Его неразговорчивость соперничала с враждебностью. Ежели вам вздумается критиковать кого-то с пушкой или без пушки, то мудрее будет не маячить у критикуемого перед носом. Хотя я не рассматривал возможность удара в челюсть или по почкам. А опасался лишь, что он может сгоряча прострелить себе ногу. А еще больше опасался, что он может прострелить ногу мне.
— Неужели я чем-то вас огорчил? — поинтересовался я.
Парень не ответил, просто моргнул и нахмурился еще больше. Как ни странно, но мне показалось, что он едва сдерживает слезы.
— Вам надо бы последить за своими манерами, — порекомендовал я.
И тут же увидел, как парень стиснул зубы и заиграл желваками. Казалось, он готов наброситься на меня с кулаками или даже вытащить пушку, но ему удалось совладать с собой; он лишь с шумом выпустил воздух и выдавил:
— Рабби ждет вас.
— Спасибо. Приятно было поболтать. В другой раз, может, и не придется.
Я вошел в ресторан. Лиат еще не появилась. Зато за стойкой суетилась пожилая дама, вручившая мне утром записку, и Эпстайн сидел за тем же столиком. Когда я занял свое место напротив него, рабби поднял указательный палец, сделав знак женщине. Она принесла нам две чашки крепкого черного кофе по-восточному и два стаканчика с талой водой, а потом удалилась на кухню. Через минуту-другую до меня донесся звук захлопнувшейся где-то наверху двери. Видимо, сегодня у нас не будет никакого ужина с кошерным винцом.
— У меня такое впечатление, что я израсходовал лимит вашего гостеприимства, — сказал я.
— Ничего подобного, — возразил Эпстайн. — Если вы предпочитаете вино, то бутылочка охлаждается в ведерке за стойкой, а если голодны, то вам принесут закуски.
— Не стоит беспокоиться, я с удовольствием выпью кофе.
— О чем вы там говорили с Адивом?
— Просто обменялись любезностями.
Глаза Эпстайна блеснули.
— А вы знаете, что его имя в переводе с арабского и еврейского как раз и означает «любезный»? Более того — «приятный» и «благодарственный»!
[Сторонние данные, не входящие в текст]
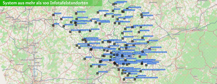 - Mehr als 100 Tafelstandorte, über 600 km Wegenetz
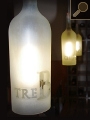 Wykonany na zamówienie komplet lamp z butelek. Butelki zostały zmatowione, a na każdej z nich została wygrawerowana nazwa wina − TREBIANO, CHIANTI oraz MARSALA. W każdej nazwie jedna litera jest wieksza, a trzy lietery napisane większą czcionką tworzą napis BAR. Każda z butelek posiada podsufitkę wykonaną z odciętego od butelki dna.

— Что ж, оно ему на редкость подходит. Его вполне может ждать карьера любезного вышибалы в приятном ресторане.
— Он неровно дышит к Лиат, — коротко бросил Эпстайн.
Странно, парень ведь моложе, намного моложе Лиат. Такая разница очень мешает, когда вы молоды. Впрочем, если вы старше, возраст мешает куда сильнее.
— А какие чувства испытывает к нему она?
— Она не говорит, — отозвался рабби, позволив себе двусмысленный ответ.
— И где же сейчас Лиат?
— Занята. Она вскоре присоединится к нам. Сначала ей надо кое-что доделать.
— По вашему поручению?
Он кивнул.
— Она рассказала мне о ваших ранах.
Значит, больше у меня не осталось никаких тайн.
— Не знал, что вы владеете языком жестов.
— Мы с Лиат знакомы очень давно. И научились общаться всеми возможными способами.
— И что же она рассказала вам о моих ранах?
— Удивилась, что вы все еще живы.
— Ну об этом мне говорили не раз.
— Слишком много ран. Слишком много раз вы могли умереть, но не умерли. Интересно, что вас оберегает?
— Может, я бессмертный.
— Вы не первый человек, высказывающий такое предположение. Я и сам еще надеюсь, несмотря ни на что, победить старость. Однако нет, не думаю, что вы бессмертны. Когда-нибудь вы умрете: вопрос только в том, возродитесь ли вы к новой жизни.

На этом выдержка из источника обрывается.